As shown in that Figure, by moving the reamer towards the neutral
point, the overall torque performance of the system may be
improved.
[0146] In FIG. 17, the effect on rate of penetration for the reamer
was simulated as a function of distance from the bit. As can be
seen in the figure, the highest rate of penetration was achieved
when positioning the reamer at the neutral point.
[0147] In FIG. 18, the bending moment at the MWD tool (which is
located at 52 feet) is simulated as function of reamer location. As
can be seen in the figure the bending moments are relatively lower
and more constant when the reamer is located at 161 feet when
compared with positions closer to the drill bit. Thus, location of
the reamer may also effect secondary components, not just secondary
and primary cutting structures. Embodiments disclosed herein may be
used to model the effect of reamer (or other cutting structures) on
secondary components such as motors, MWD tools, LWD tools, sampling
probes, or other components known to those having ordinary skill in
the art.
[0148] Thus, embodiments of the present invention provide
techniques for locating secondary cutting structures in a drill
string. In selected embodiments a secondary cutting structure may
comprise a reamer.

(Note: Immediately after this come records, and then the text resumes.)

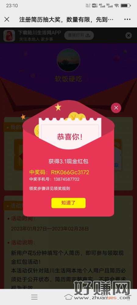 扫码填简历,尽量编的真一点,中奖截图,添加客服,复制给客服兑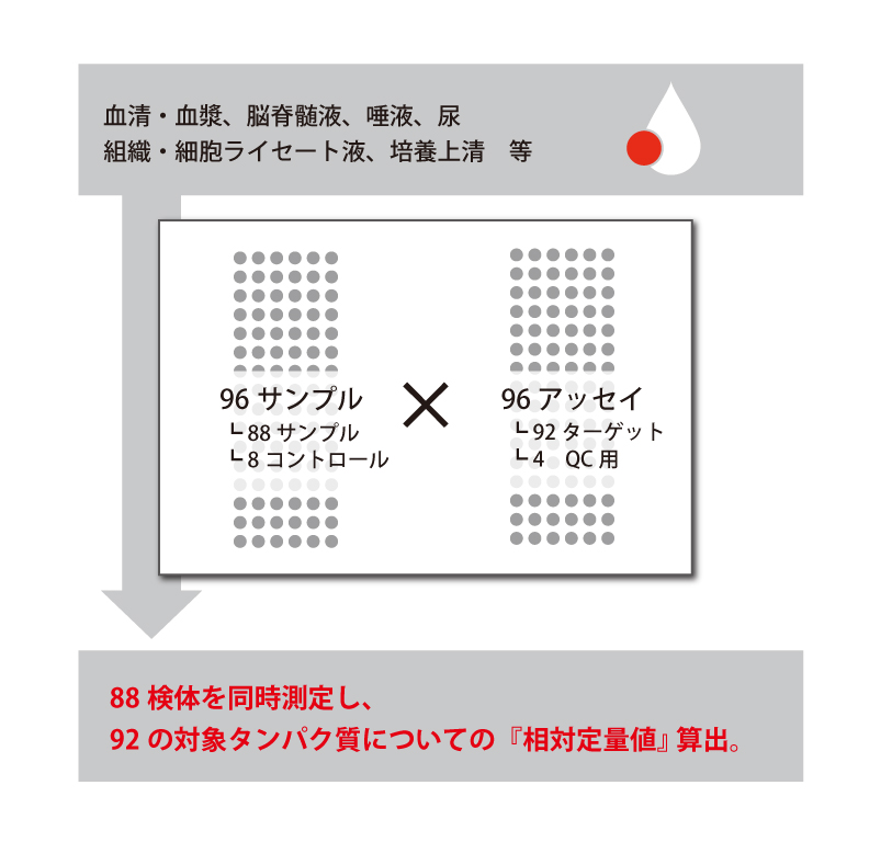 血清・血漿中のバイオマーカーを相対定量。92因子 x 88 検体を同時測定。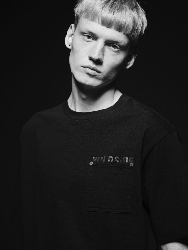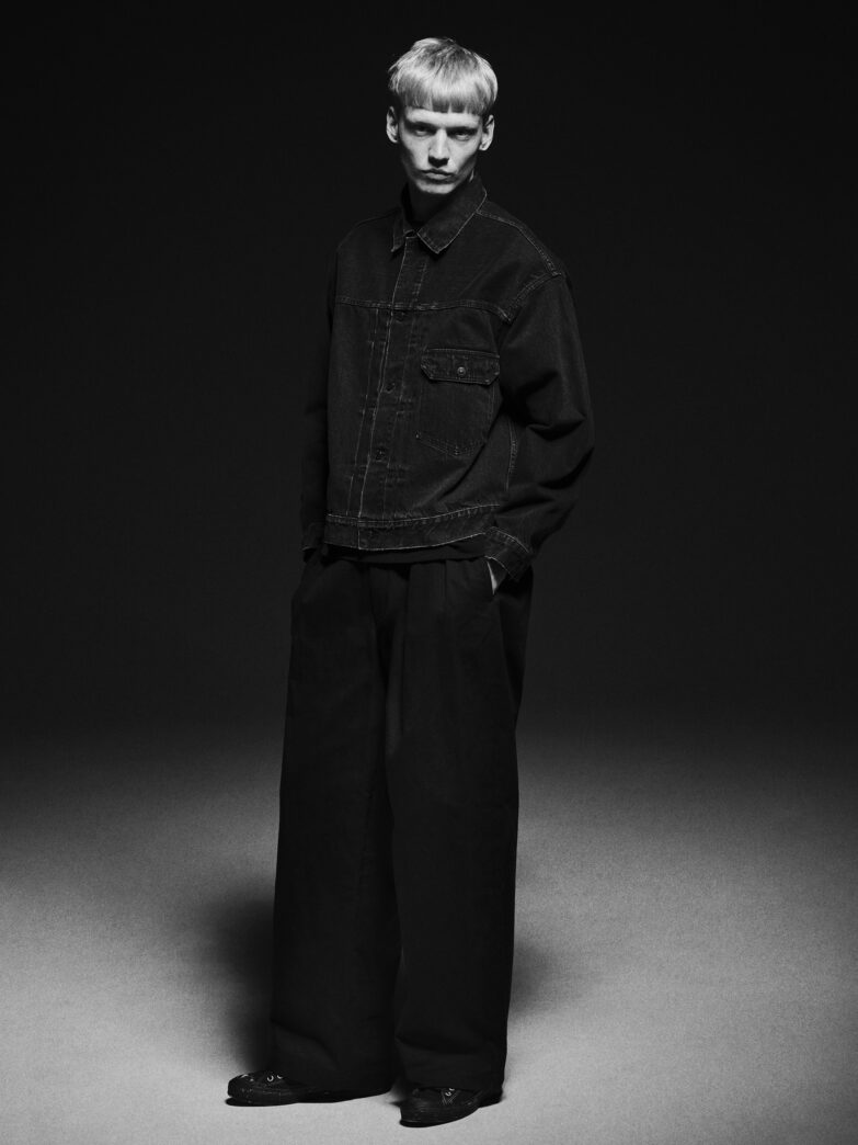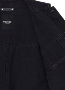 今回の新作では、 WILDSIDEを象徴するブラックにカスタムしたファッションアイテム4型が登場します。ファーストタイプをベースとしたトラッカージャケットは、より深みのある黒を追求し、糸の染色工程からこだわり抜いたMINEDENIMオリジナル12ozブラックデニムを採用。ヴィンテージライクなUSED加工を施し、ルーズなシルエット、クラシカルなディティールデザインに仕上げました。Tシャツには、武骨な表情を持つミディアムオンスのオリジナルブラックボディにスクエアポケットを配置し、ジーンズを模したダブルステッチや補強用のリベットはMINEDENIMオリジナルのものを使用するなど、デニムらしさを表現しました。パンツ2型には、株式会社ヨウジヤマモトのオリジナル生地、ウールギャバジンとコットンカツラギをそれぞれに使用。フロント2本の深いタックを配し、ゆったりとした腰回りから裾にかけて強めのテーパードをかけた特徴的なシルエットを実現しました。ブラックを基調とした両ブランドの世界観が融合した特別なコレクションです。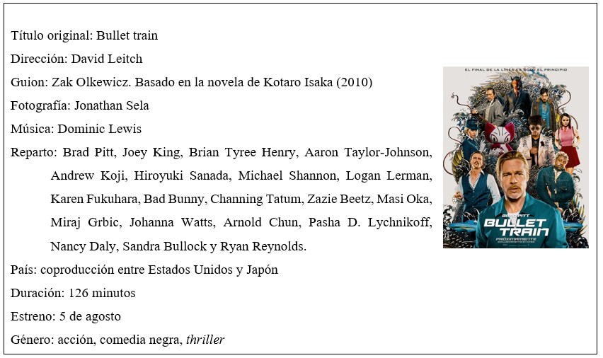 Esta entretenida película dirigida por el también actor y productor David Leitch -lo recordamos de obras como John Wick (2014 junto con Chad Stahelski), Atomic Blonde (2017), Deadpool 2 (2018) o Fast and Furious: Hobbs & Shaw (2019)-, se estrenó el pasado verano pero sigue aún en cartelera para dejarlos contemplar este festival de muertes y destrucción. Su guion, creado por Zak Olkewicz, está basado en la novela Maria Beetle (2010) de Kōtarō Isaka -escritor japonés de best-sellers apenas conocidos en Occidente especializado en el género de misterio y acción- y también contó con una versión teatral en 2018, pero finalmente llegó el blockbuster del verano.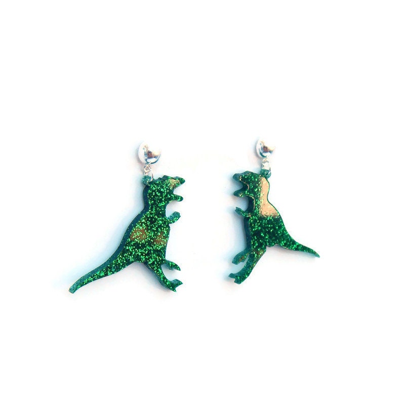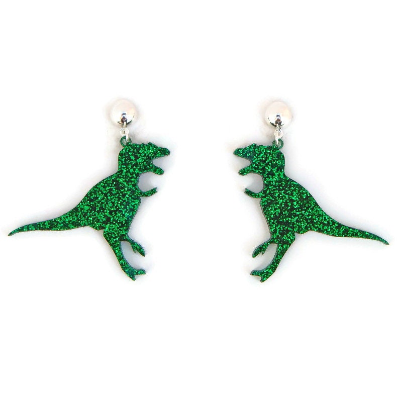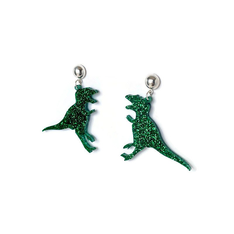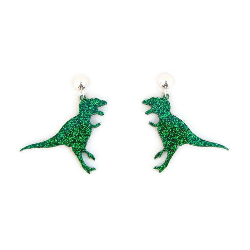 Green Glitter T-Rex Dinosaur Earrings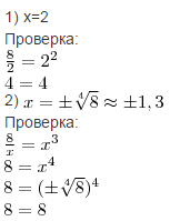 ![frac{8}{x}=x^3 \ 8=x^4 \ 8=(pm sqrt[4]{8})^4 \ 8=8 frac{8}{x}=x^3 \ 8=x^4 \ 8=(pm sqrt[4]{8})^4 \ 8=8](https://tex.z-dn.net/?f=+frac%7B8%7D%7Bx%7D%3Dx%5E3+%5C+8%3Dx%5E4+%5C+8%3D%28pm+sqrt%5B4%5D%7B8%7D%29%5E4+%5C+8%3D8)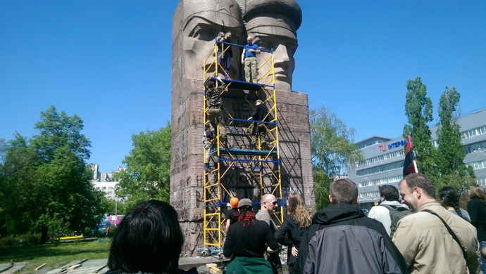 Наразі біля пам’ятника зібралися близько сотні людей. До монументу підставили будівельні ліси. Четверо людей намагаються його знести, зокрема по монументу б'ють молотом, свердлять дірки перфоратором.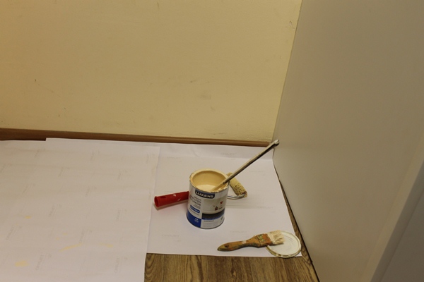 Хотя стены в подсобном помещении были в неплохом состоянии, но освежить стены всё-таки надо было. В магазине Леруа Мерлен мы купили необходимые нам материалы и инструменты для ремонта стен и монтажа стендов. Краску на водной основе для стен кухни и ванной Luxens мы купили 1 литровую банку.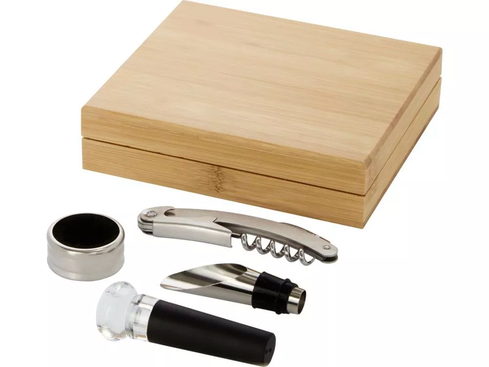 Набор для вина из 4 предметов: штопор, пробка, насадка на бутылку и кольцо. Поставляется в бамбуковой подарочной коробке, изготовленной в соответствии с экологическими стандартами.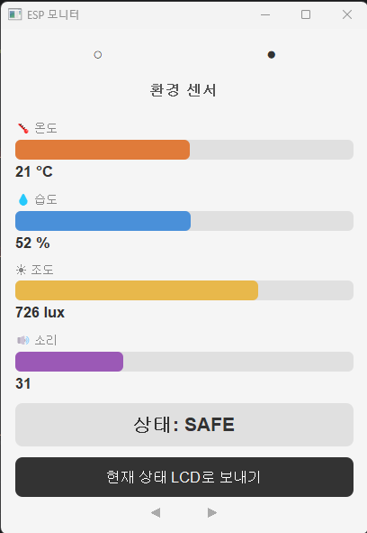 - 임계값 기준 초과 항목 존재 시 LV:ALERT, 모두 정상 시 LV:SAFE로 UDP 전송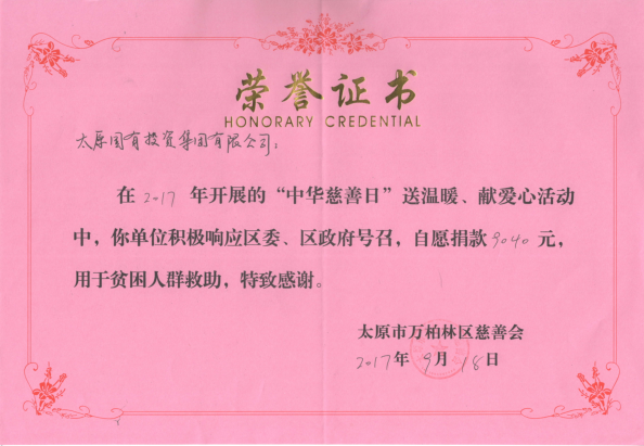 樂善好施、扶貧幫困是中華民族的傳統(tǒng)美德;奉獻(xiàn)社會、傳遞愛心是社會倡導(dǎo)的時代新風(fēng)。為培育和弘揚社會主義核心價值觀,廣泛動員員工參與慈善、奉獻(xiàn)愛心,形成團(tuán)結(jié)互助、扶貧濟(jì)困的良好風(fēng)尚,積極參與公民道德宣傳日活動。9月14日,太原國投集團(tuán)組織開展了“中華慈善日”送溫暖、獻(xiàn)愛心捐款活動,共募集善款9040元整。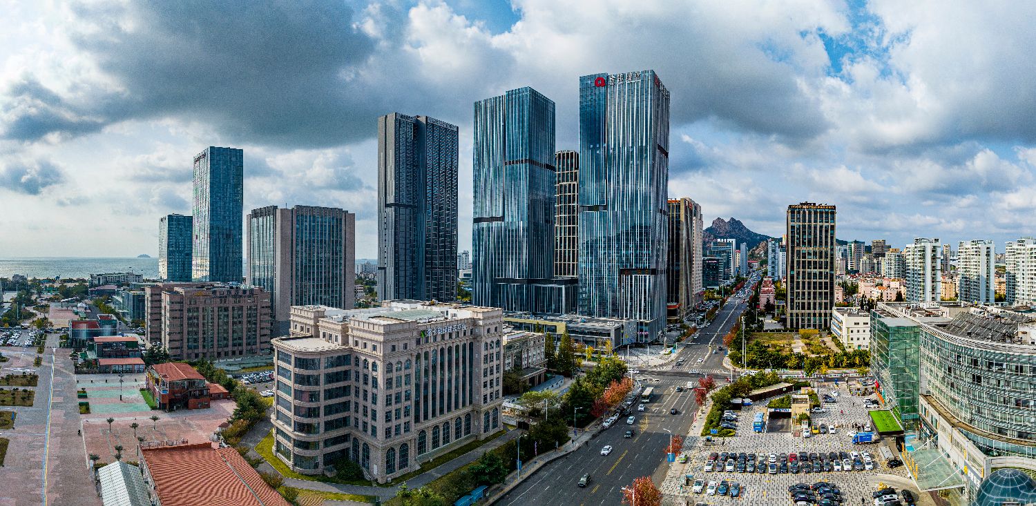 【青岛金家岭金融集聚区吸引众多国际金融机构入驻。】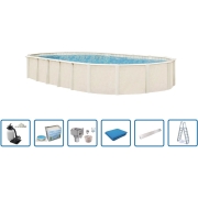 Interline zwembad Century 6,10m x 3,60m ovaal - Metaalwand zwembad - Op- en inbouw - Inclusief filterset (6m3/u)- Inclusief zwembadtrap - Gratis onderhoudsset

The reamer may be located at the neutral point,
within 5 feet of the neutral point, within 10 feet of the neutral
point, within 20 feet of the neutral point, within 30 feet of the
neutral point, within 50 feet of the neutral point, within 60 feet
of the neutral point, or within 100 feet of the neutral point,
depending on the selected embodiment.
[0149] Specifically, selected embodiments involve determining
(whether by calculating or by other means) a neutral point of a
drilling system, and positioning a secondary cutting structure
adjacent to the neutral point of the drilling system.
[0150] While the invention has been described with respect to a
limited number of embodiments, those skilled in the art, having
benefit of this disclosure, will appreciate that other embodiments
can be devised which do not depart from the scope of the invention
as disclosed herein. Accordingly, the scope of the invention should
be limited only by the attached claims.